What to work on: The required copy runs from the first line of the material through the line containing "Classic Chain Hammered", exactly as written and without pictures.

Recorded data:
------------------------------
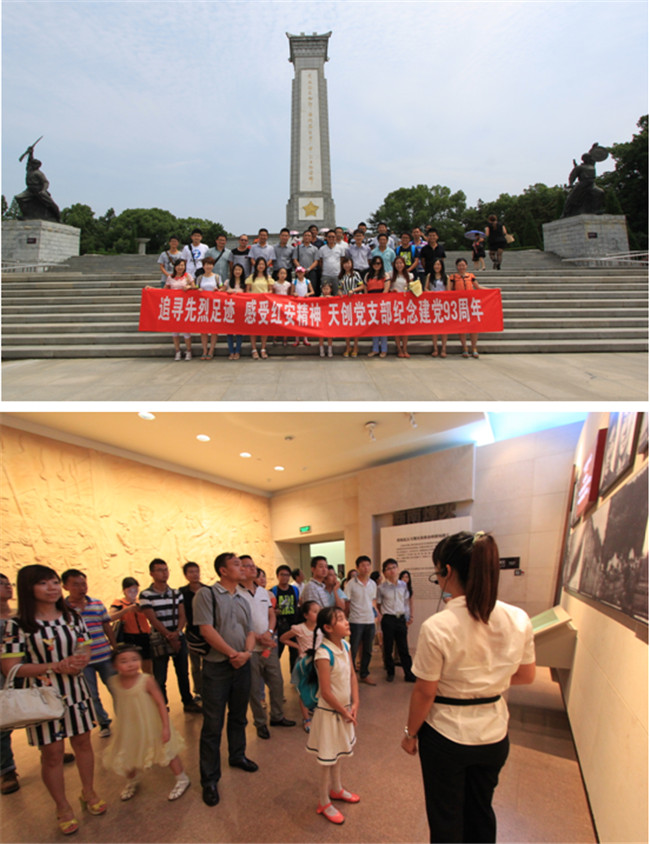 為紀念建黨93周年,進一步推進公司黨的群眾路線教育實踐活動,2014年8月22日上午8:00,天創(chuàng)公司黨支部組織公司全體黨員赴革命老區(qū)紅安縣開展了一次紅色教育之旅。
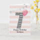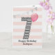 Tarjeta de cumpleaños número 7 con purpurina rosa y plateada para niñas, que se puede personalizar con su nombre. La parte frontal de esta tarjeta de cumpleaños número 7 para ella presenta el número siete en una franja negra y blanca con un contorno de purpurina con un globo rosa listo para flotar. Tenga en cuenta que la purpurina es un efecto de diseño y no habrá purpurina real en esta tarjeta de cumpleaños. El fondo es suave blanco y rosa con un banner dorado en la parte superior. El mensaje interior se puede personalizar fácilmente si lo desea. Una tarjeta de cumpleaños número 7 única para nieta, hija, sobrina, etc.
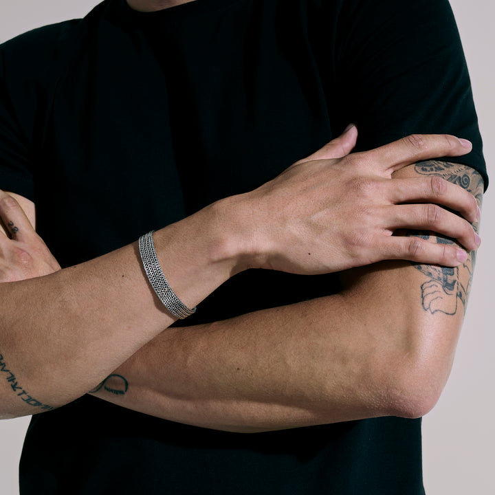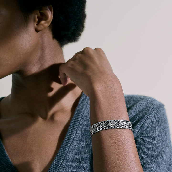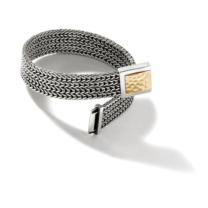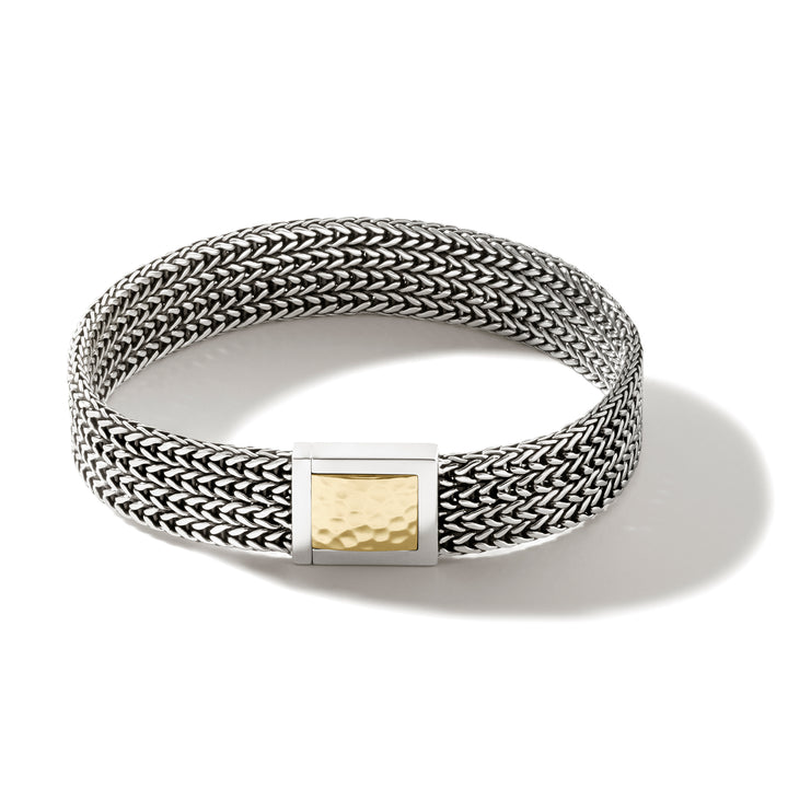 Classic Chain Hammered 18K Gold & Silver 12mm Chain Bracelet with Pusher Clasp, Size UM BG
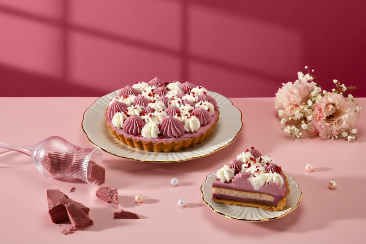 除了生乳捲、蛋糕外,還有塔派可以選擇!結合了北海道奶霜與紅寶石巧克力奶霜,內餡揉合覆盆莓卡士達,搭配酥脆杏仁派皮。底部的手工派塔,以嚴選日本麵粉與法國無鹽發酵奶油細心捏製,厚實酥脆,暗藏酥菠蘿增添咀嚼口感,與泡芙蛋糕、覆盆莓奶霜、卡士達交疊著多層次迷人滋味。
------------------------------
Task answer:
 為紀念建黨93周年,進一步推進公司黨的群眾路線教育實踐活動,2014年8月22日上午8:00,天創(chuàng)公司黨支部組織公司全體黨員赴革命老區(qū)紅安縣開展了一次紅色教育之旅。
 Tarjeta de cumpleaños número 7 con purpurina rosa y plateada para niñas, que se puede personalizar con su nombre. La parte frontal de esta tarjeta de cumpleaños número 7 para ella presenta el número siete en una franja negra y blanca con un contorno de purpurina con un globo rosa listo para flotar. Tenga en cuenta que la purpurina es un efecto de diseño y no habrá purpurina real en esta tarjeta de cumpleaños. El fondo es suave blanco y rosa con un banner dorado en la parte superior. El mensaje interior se puede personalizar fácilmente si lo desea. Una tarjeta de cumpleaños número 7 única para nieta, hija, sobrina, etc.
 Classic Chain Hammered 18K Gold & Silver 12mm Chain Bracelet with Pusher Clasp, Size UM BG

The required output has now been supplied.